# Tarpon Bottom Rig



## Seapuppy (Jul 17, 2005)

Recently there was a report of tarpon on the Florida board.
I asked the question below,maybe someone out there has some ideas how to rig for them from the surf.

Tarpon Rig
I fish on the NC outer banks,mostly out of Ocracoke Inlet walkin' the sandbars fishin' for red drum.I noticed you said someone on a pier hooked one.How should I rig for tarpon from the surf.I have regular visits from them in Sept-Oct as they follow the mullet run south every year.Been spooled twice(600yds-25# test) & another time one jumped in the air twice throwing the hook about 400yds out.I have been using whole finger mullet on a 10/0 big game hook snelled to 150# test,about a two foot leader to a fishfinder/sinker.
Also have sighted them in the surf out in my boat,is there any type of lure or rubber bait that drive's them to strike?
Any other ideas?
thx
Pup 

Below is a post on Tradewinds MB from 10-11-04

Tarpon on Vera Cruz (Ocracoke Inlet)

Posted By: seapuppy <[email protected]>
Date: Tuesday, 10/12/04 @ 4:41 p.m. 

I fished the bar Sat-Mon did fair caught 11 drum Sat.3-35"'s,3-27"'s & some 2-5# black drum.Sunday only 1 27"drum,Monday about 10 small drum & some more black drum. 
But!!! the real fish story was Sat. afternoon I hooked what we(Me & Norman Miller of The Rascal) think was a 5' Tarpon.It hit on a whole finger mullett on my largest rod(600 yds 25# test)Just about burned my thumb off at first(was bailin' water on the reel my thumb got so hot!),I finnaly got it to turn at about 300 yards,it came back on me & after a short run in it turned again till I was out about 400 yards.I tightened down on the drag to try & turn it again when it jumped out of the water at least 6-8 foot!made another short run & jumped out of the water again this time shaking the hook loose.The fish was 400 yards out & was silver or white so I wasnt real sure what I had hooked.Monday Norman was fishing right in front of me on the bar(can I pick a spot or what? lol)& we discussed the encounter over the radio.He was positive it was a tarpon.Just goes to show,you never know what can end up on the other end when you cast a bait into the "Cruz" 
Pup
btw-No Bull sharks sighted,lucky for them !

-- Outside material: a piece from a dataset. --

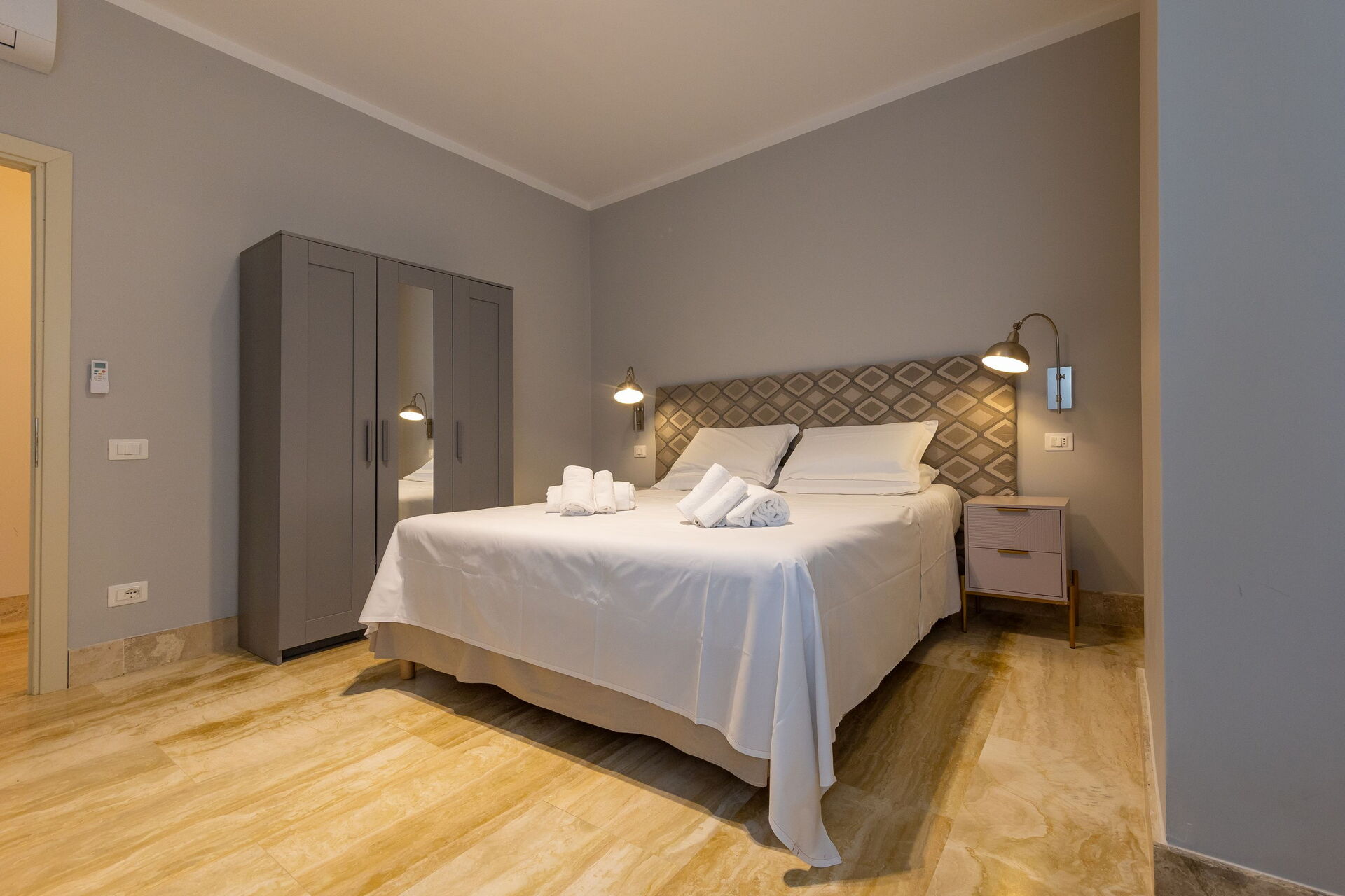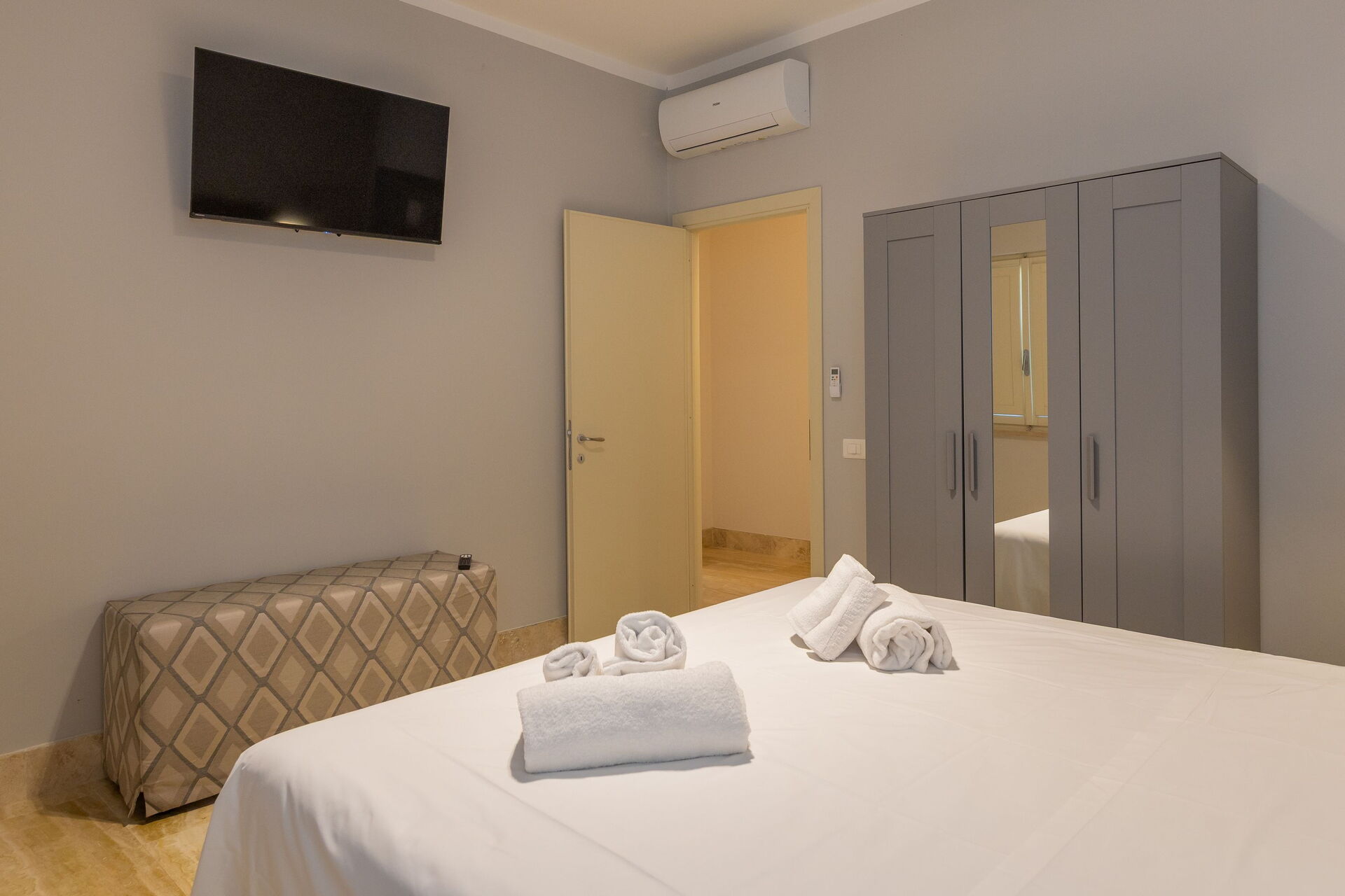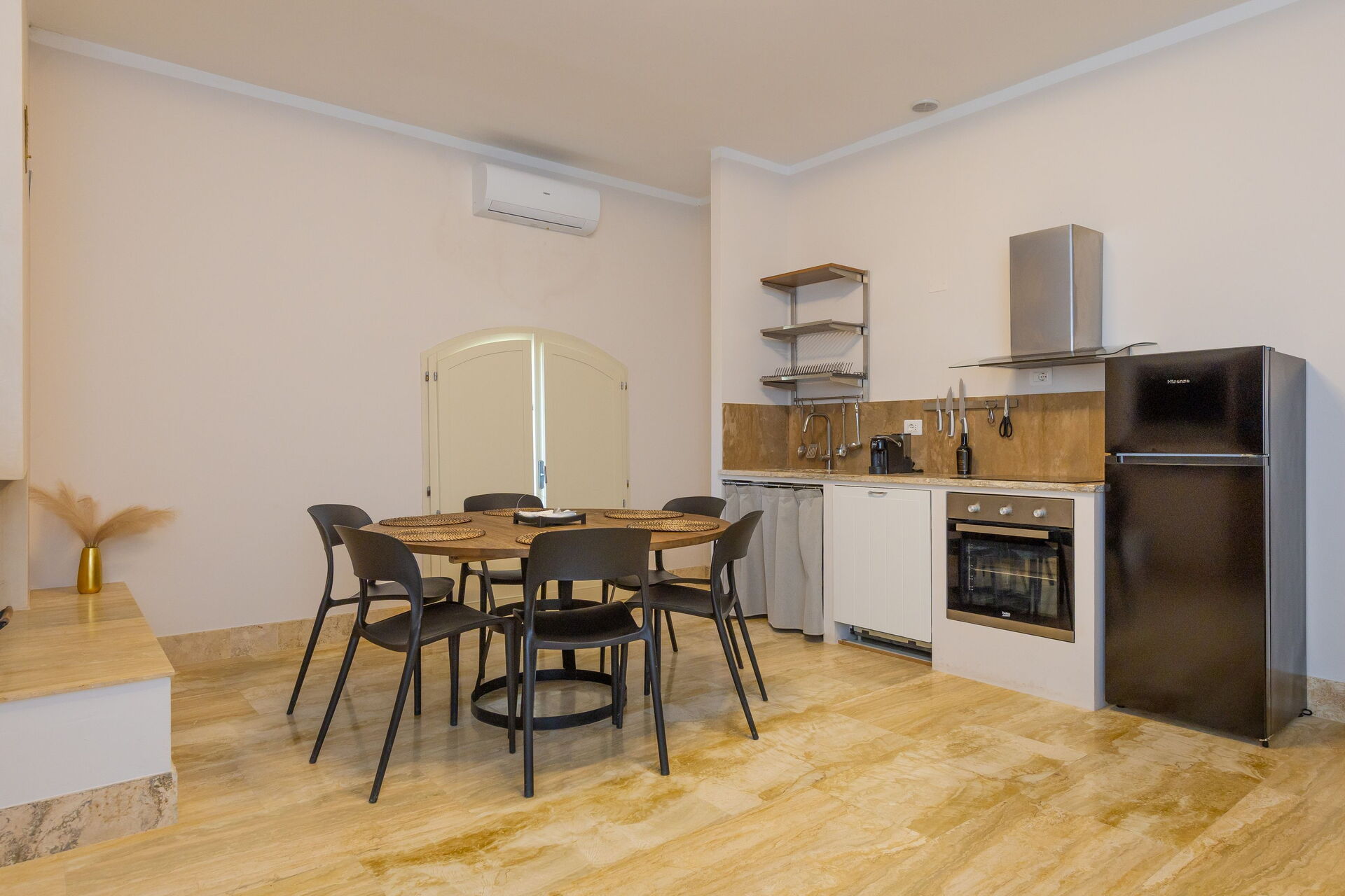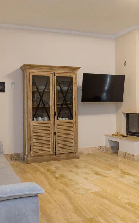 Första våningen: vardagsrum (smart-TV, luftkonditionering) med bäddsoffa för två, matplats och pentry (diskmaskin, ugn, kylskåp, espressobryggare, brödrost), 2 dubbelrum (varje med luftkonditionering), badrum med dusch.

Also got spooled last year also in early September last fall.
thx for any ideas 
Pup


----------



## Drumdum (Jan 6, 2003)

*Pup*

Sounds to me as though you're fishing with the right tackle.. The surf can be a real handicap to catch one,if he's got plenty of deep water to "get gone" in.. Some folks recomend mustad circles 13/0.. In part,I agree,especially when livebaiting,you just set the drag at 8lb of pressure with 20-25lb line and put the rod in the holder,50-80% of the time,he'll hook himself.. When bottom fishing,I'd use the same setup as you,bury the hook as hard as I could on the strike and pray a lot..   I have used that setup in a boat and caught a couple bottom fishing,but never caught or hooked one from the surf.
Never caught one out of the surf,but have seen one first hand,in the 80lb range,off Cape Point.. He was using drum tackle and was lucky because there was only one big hole running through a bar which surrounded a big slough.. The fish ran out to the bar and I would guess got confused,didn't find the hole,and turned.. He wound up turning and it was a back and forth deal for about 45min before he landed him.. I think the bar was his allie,cause he only had 275 of 17lb test,mustad circle,and the fish was at 80lbs.. Another bigone was caught in the Hook area this yr. I didn't get to witness this one,but am sure it was simular situation,with simular tackle..
Friend of mine in Fla uses a mullet paterned,sinking,mirrorlure to cast at them with.. A calico crab on a float (since it is illegal to pocess a crab less than 5" cross the horn in NC) or live mullet on a float would work as well,but to use that you would probably have to be in your "float tube" to present the bait..


----------